Closed andrewegel closed 3 years ago
@andrewegel This change makes it unable to run the images on Openshift without elevated Openshift permissions. Openshift runs the container as a random user/uid. Making the /etc/schema-registry
directory recursively writable to the root
group should fix this. Is this something you can fix? We are currently running on version 6.2.1 (that works), but unable to upgrade to version 6.2.2.
===> User
uid=1001680000(1001680000) gid=0(root) groups=0(root),1001680000
===> Configuring ...
Command [/usr/local/bin/dub path /etc/schema-registry/ writable] FAILED !
@erikgb Whats the technical reason why you can't run this as the appuser
[1]? Running things as root isn't recommended from a docker standpoint, nor is having a world write able directory (what this PR fixes).
I don't see a scenario where we can support both requirements:
If this were being ran by true root, root could write to it:
aegelhofer@Andrew-Egelhofer's- ~ % docker run -u0 -it confluentinc/cp-schema-registry:6.2.2 /usr/local/bin/dub path /etc/schema-registry/ writable
aegelhofer@Andrew-Egelhofer's- ~ % docker run -it confluentinc/cp-schema-registry:6.2.2 /usr/local/bin/dub path /etc/schema-registry/ writable
But your situation shows precisely what this PR was trying to fix: Which was unknown users should not have write access in the container.
To a certain extent, we called this out in the changelog:
https://docs.confluent.io/platform/6.2.2/release-notes/changelog.html#cp-docker-images
Confluent Platform Docker images formerly shipped with world writable data and configuration directories (chmod a+w). Those permissions are now removed, and adjustments made to make those directories writable from the image’s appuser USER.
These updates were tested with openshift before release and testing didn't run into these issues.
@andrewegel The reason we can't run as appuser
is because we're not able to choose UID without elevated privileges (in Openshift). Currently every pod is running with the "restricted" SecurityContextConstraints (SCC), which only allows
containers with a "random" high UID, selected by OpenShift.
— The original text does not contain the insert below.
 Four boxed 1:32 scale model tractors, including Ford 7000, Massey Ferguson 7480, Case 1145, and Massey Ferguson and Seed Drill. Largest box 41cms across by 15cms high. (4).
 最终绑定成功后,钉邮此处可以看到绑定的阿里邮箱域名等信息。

The only thing we know about the user inside the container is that it's member of the root
group.
How do you test this in OpenShift? Is it running with the "restricted" SCC or an elevated permission, like anyuid
?
Our current situation, is that we have to "patch" all Confluent images, since they do not work in our Openshift-context. And this is painful and something we would like to avoid. Our "patch" for the schema-registry image is:
RUN chgrp -R root /etc/schema-registry/ /etc/confluent/docker/
But we also had to patch rest-proxy and multiple connect images equivalently. 😓 And that represents a maintenance burden for us. Would you consider to change the ownership to root
group on folders/files that have to be writable by the user inside the container? To make it more "OpenShift friendly"....
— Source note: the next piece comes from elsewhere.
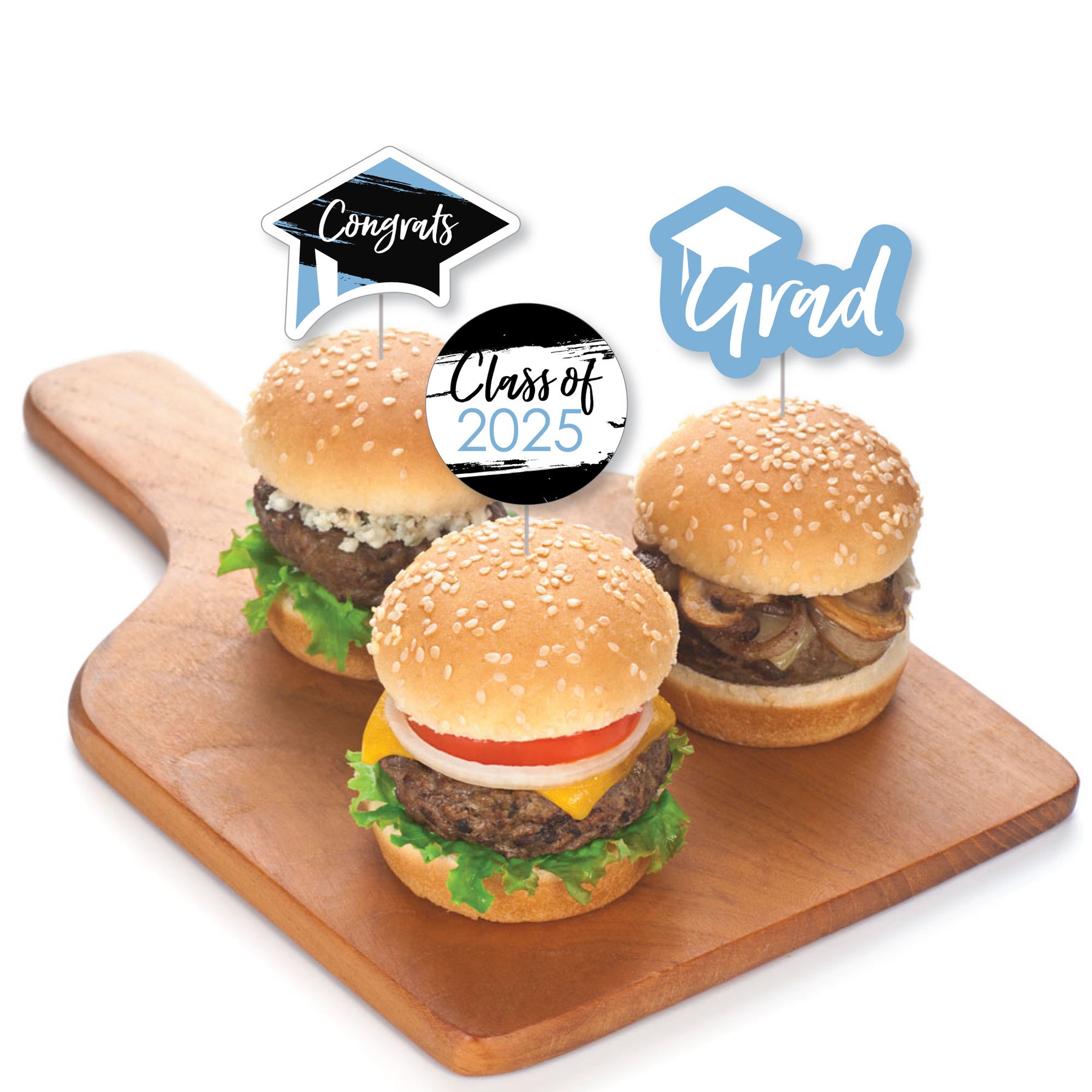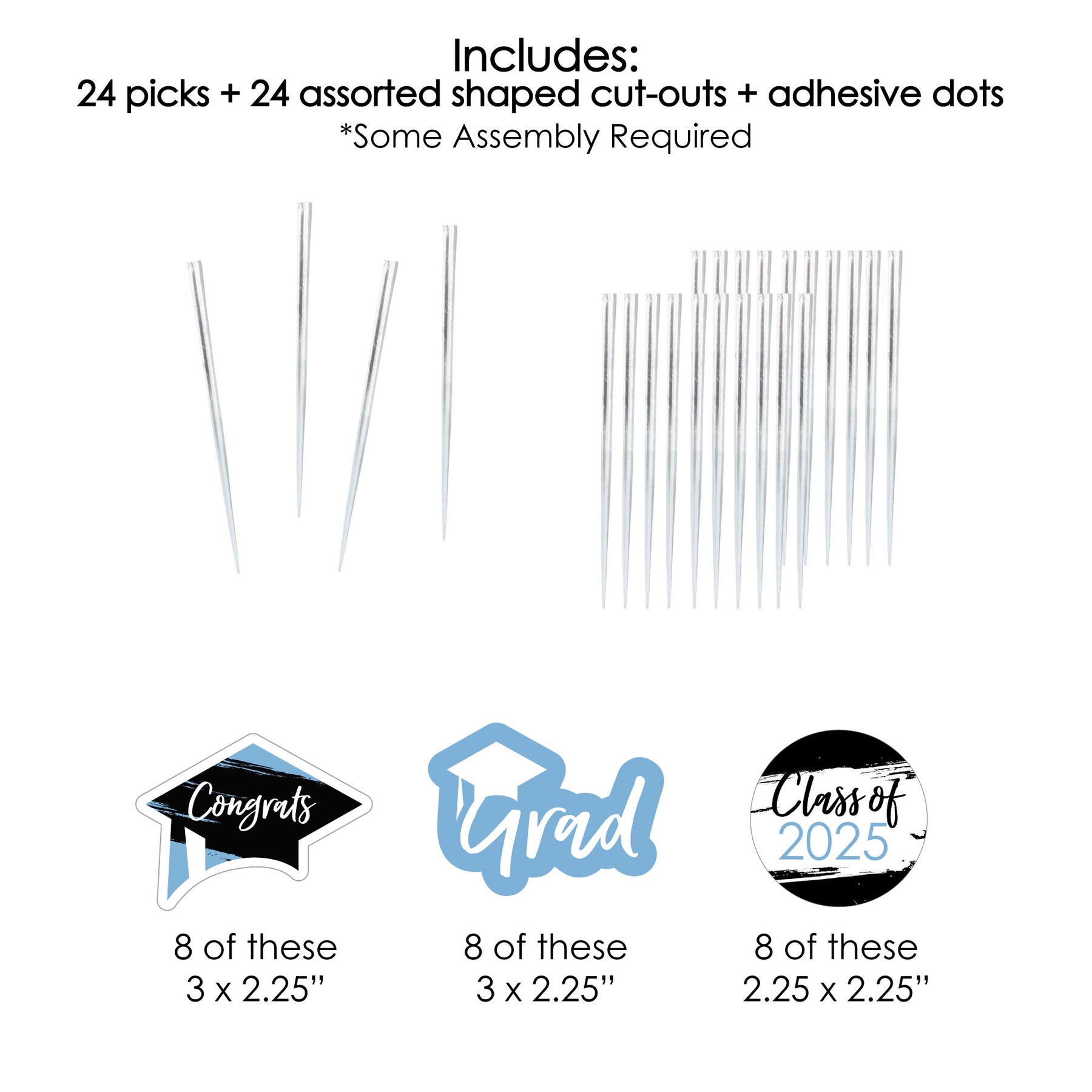 Create a unique dessert bar at your Graduation Party with Light Blue Grad - Best is Yet to Come Dessert Cupcake Toppers. This do-it-yourself kit includes clear treat picks and fun shaped cut outs. Simply attach each double-sided paper cut out to a clear plastic pick with the included clear stickers. Dessert Cupcake Toppers look great on standard cupcakes or add them to other baked goodies such as brownies or donuts. Other appetizers and miniature fruit kabobs are also easy to make with these fun food picks. Get creative and bring all your party ideas to life with Light Blue Grad - Best is Yet to Come Dessert Cupcake Toppers.

An OpenShift reference: https://cloud.redhat.com/blog/a-guide-to-openshift-and-uids
And even the simplest Deployment is failing on OpenShift:
kind: Deployment
apiVersion: apps/v1
metadata:
name: cp-sr
labels:
app: cp-sr
spec:
replicas: 1
selector:
matchLabels:
app: cp-sr
template:
metadata:
labels:
app: cp-sr
spec:
containers:
- name: app
image: confluentinc/cp-schema-registry:6.2.2
ports:
- name: app
containerPort: 8081
protocol: TCP
env:
- name: SCHEMA_REGISTRY_KAFKASTORE_BOOTSTRAP_SERVERS
value: 'PLAINTEXT://kafka:9092'
- name: SCHEMA_REGISTRY_LISTENERS
value: 'http://0.0.0.0:8081'
- name: SCHEMA_REGISTRY_HOST_NAME
valueFrom:
fieldRef:
apiVersion: v1
fieldPath: status.podIP
As for your testing on OpenShift, I would expect a Deployment like this to successfully run on OpenShift.
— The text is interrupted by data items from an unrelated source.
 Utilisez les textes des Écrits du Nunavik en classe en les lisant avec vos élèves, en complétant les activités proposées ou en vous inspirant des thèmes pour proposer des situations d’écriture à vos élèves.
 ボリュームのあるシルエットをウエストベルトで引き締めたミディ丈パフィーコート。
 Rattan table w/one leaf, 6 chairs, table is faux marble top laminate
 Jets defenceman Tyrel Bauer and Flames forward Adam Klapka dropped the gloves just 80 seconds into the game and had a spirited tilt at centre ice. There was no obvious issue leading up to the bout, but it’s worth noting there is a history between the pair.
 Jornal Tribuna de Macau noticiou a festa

Firstly, lets open a separate issue and move the conversation to there.
Secondary, contact Confluent's support and have them escalate to the Operator team who have conducted these tests on an OpenShift cluster.
Your change of moving to appuser:root
sounds OK to me, but I need to be cautious as that represents a large amount of work with no validation that it'll resolve your issue and not introduce problems for others, so I would like the guidance on what the fix should be to come from our internal team based on their recommendations from testing.
And I'm locking this PR's conversation so issues can be raised and tracked elsewhere.
Furthermore @erikgb - If you don't want to go through the Confluent Support route, join the confluentcommunity.slack.com
slack Org, and find me @Ego Waffle
or @Rohit Bakhshi
(PM for Operator) and I'll put you in touch with our Operator team to come to a resolution.
Disables world write access on directories.